Filtering FeatureData[Sequence] using metadata file

Hi there, I'm interested in this question too!

When using the filter-seqs command, where do we get the information to put in the metadata file of sequences to exclude?

I'm guessing the process of filtering out sequences found in blank samples would start off like this:

#Create a sequences artifact with only the blank samples
qiime feature-table filter-seqs --i-data rep_seqs.qza --m-metadata-file map.txt --p-where "Control='Y'" --o-filtered-data control_seqs.qza

And then once you have your artifact of sequences from the control samples, you could tabulate the sequences to get them into a format you can view ...

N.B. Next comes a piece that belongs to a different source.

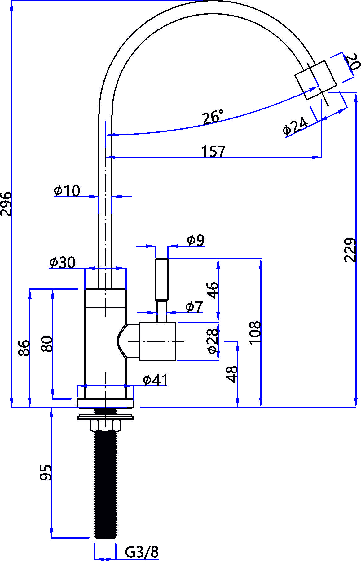 Der Sockeldurchmesser der Armatur beträgt ca. 41 mm.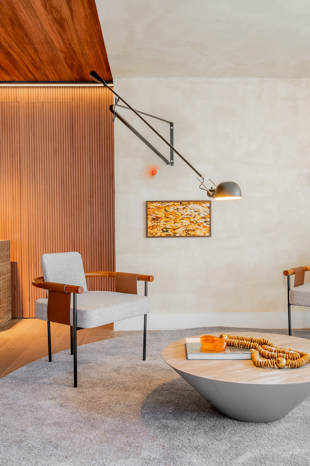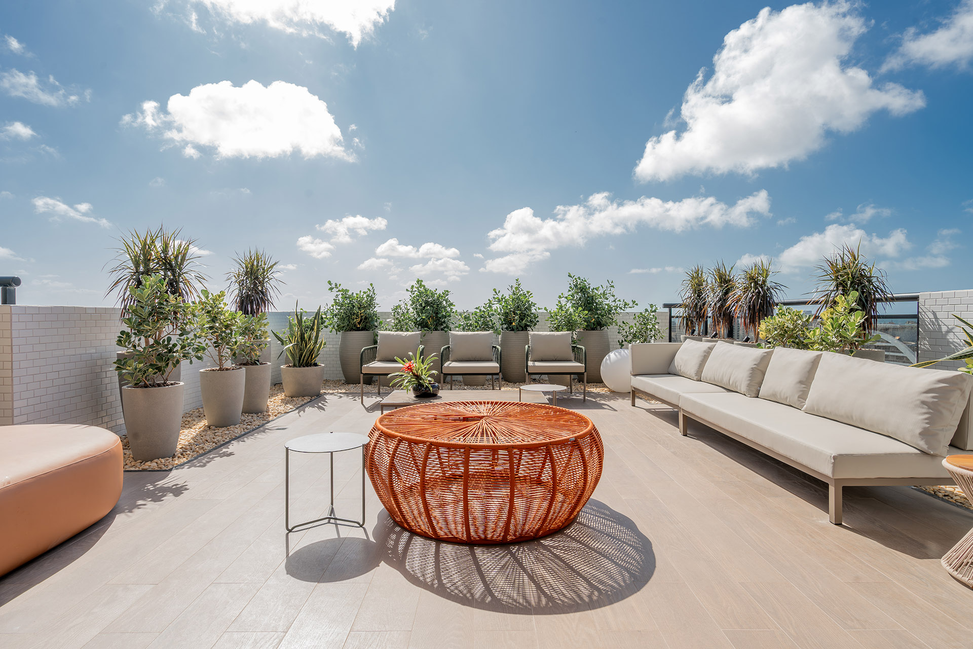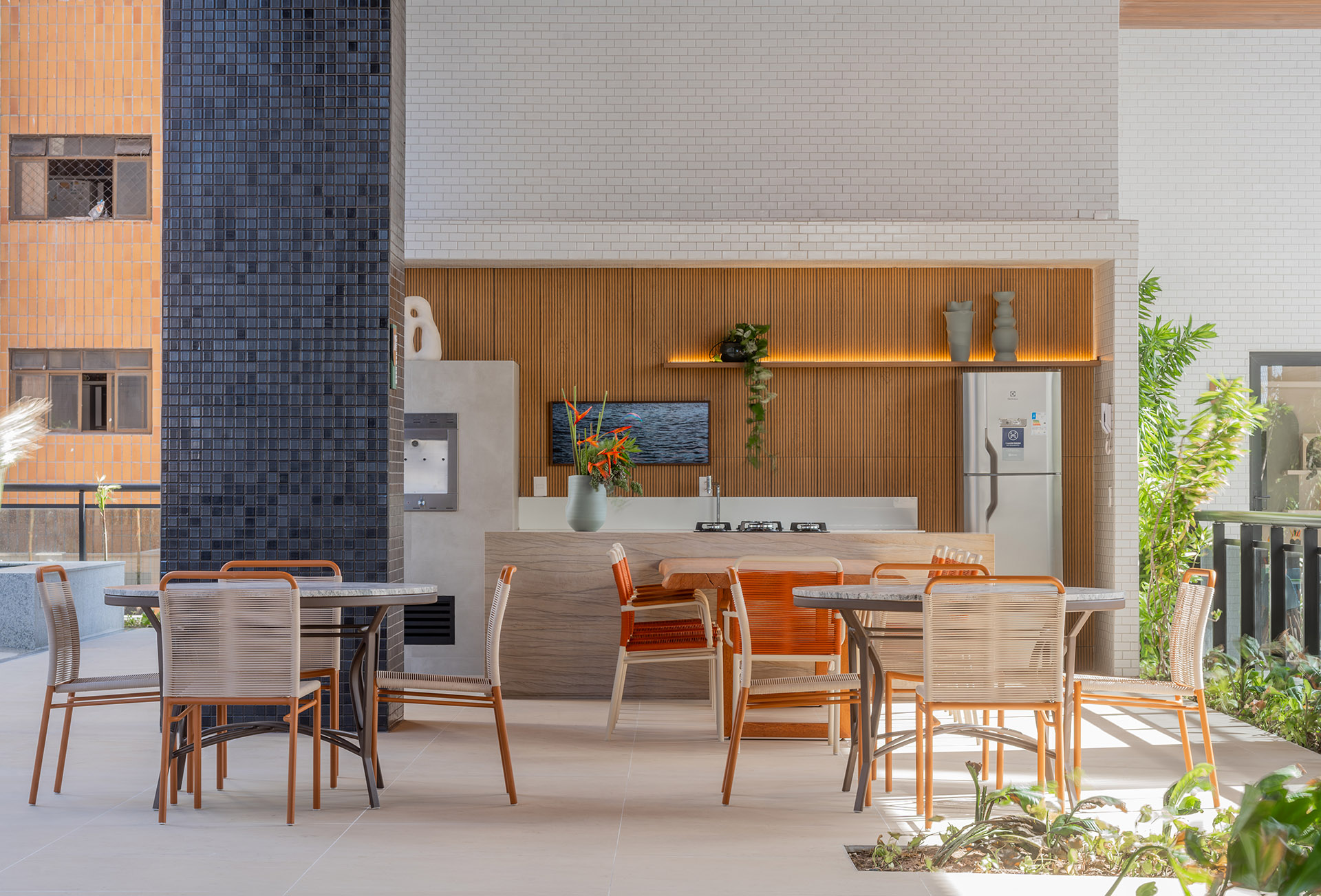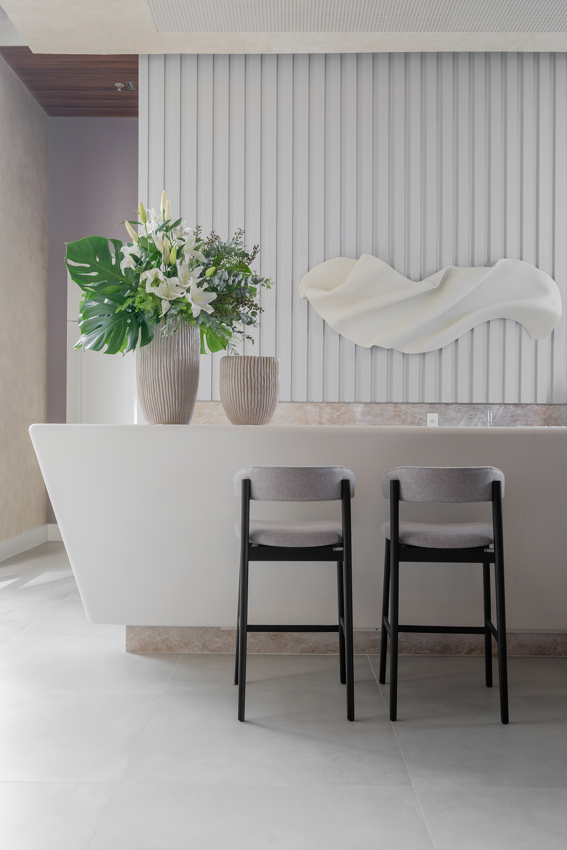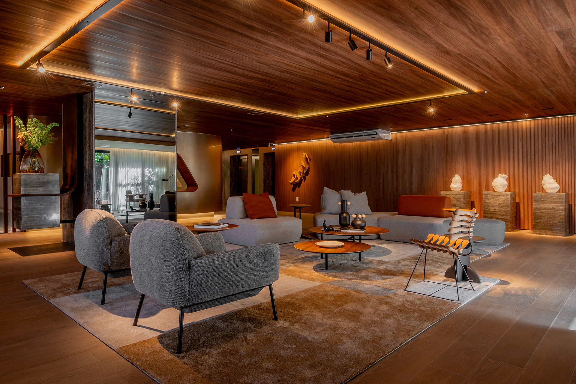 O projeto de interiores das áreas comuns do BS Flower foi planejado para refletir o conceito do empreendimento: charme. Inspirado pela atmosfera da Praça das Flores, o design remete a espaços públicos acolhedores, com materiais que dialogam com a vegetação e os passeios da região. A integração entre o natural e o construído cria ambientes que convidam à permanência e ao convívio.

qiime feature-table tabulate-seqs --i-data control_seqs.qza --o-visualization control_seqs.qzv

And then you could open your .qzv with qiime tools view and see something kind of like this:

What's the equivalent of downloading the frequency per feature .csv in @thermokarst's recommended workflow above? Would you download the fasta file, save it as a TSV and use that as your metadata file for removing the 'blank' sequences from the original rep seqs file?

Thanks! :slight_smile:

Hi @Matilda_H-D,
Thanks for posting your question! The metadata input to filter-seqs can only consist of feature metadata, e.g., a sequence file or taxonomy file. We do not yet have functionality for removing sequences that are found in a specific sample in a single command (multi-step details are below).

We plan to add tutorials describing this process in this month’s release of QIIME 2 so check back then for more details.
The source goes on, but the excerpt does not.